A particular wake-up call came surrounding the disaster at the Fukushima Daiichi nuclear plant in March 2011, following which the agency was proved unable to respond for more than 24 hours.
For many observers, this highlighted not only a dangerous failing within the IAEA, but also the continued lack of any other international body to take on the mantle of the world’s “hub” on nuclear safety.

Political obstacles

For many, the Fukushima and ongoing Iran issues have highlighted the critical need for a re-examination of the IAEA’s functioning.

“After years of crucial Agency involvement with Iran, that country is closer to acquiring nuclear weapons than ever before,” the report states, with Finlay expressing anxiety over the IAEA’s lack of capacity to deal with protracted issues of non-compliance.

But rectifying the budgetary issues is only part of the overall problem, he says. His report, based on two years of work, offers 20 recommendations, broken down by the range of actors that would be expected to make the changes.

Of these recommendations, the Iran issue particularly highlights the fact that the IAEA’s governance has become dangerously divisive, particularly in recent years.

“Politicisation has debilitated the agency’s governing bodies,” Finlay says, noting that cases involving non-compliance have proven to be particularly incapacitating.
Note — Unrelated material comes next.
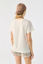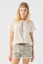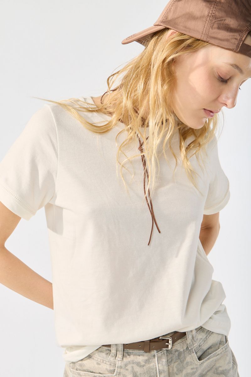 Remera lisa manga corta en jersey, escote redondo.Tiene avío de entredós en mangas. La modelo está usando talle 42. Composición: 100% Algodón

He puts this down particularly to the Iran stalemate, though he also cites contentious votes on Israel’s nuclear programme, safeguards throughout the Middle East and other issues.

“Increasing politicization may be partly attributed to the more active role of the developing countries in Agency affairs,” the report suggests. It points to the increased heft of the Non-Aligned Movement (NAM), a bloc that purportedly functions as Iran’s “diplomatic bulwark”.

Yet the report hastens to add that “the West is also guilty of politicizing the IAEA … Nicholas Burns, US undersecretary of state for political affairs, reportedly told (former IAEA chief Mohamed) ElBaradei, in pressing him to toe the US line on Iran, that ‘we pay 25 percent of your budget.’”
While the report offers a few strategies for attenuating this divisiveness, Finlay is clear that the intrusion of politics is also inevitable. Given that it is the member states that established and pay for the IAEA’s services, he concludes that “it is they that ultimately control its destiny.”

“(The IAEA) can in some respects strengthen and reform itself. But ultimately, it is constrained by the strong preferences of its membership as a whole or those of key, active member states. It is therefore to the member states that we must look to trigger and sustain lasting strengthening and reform.”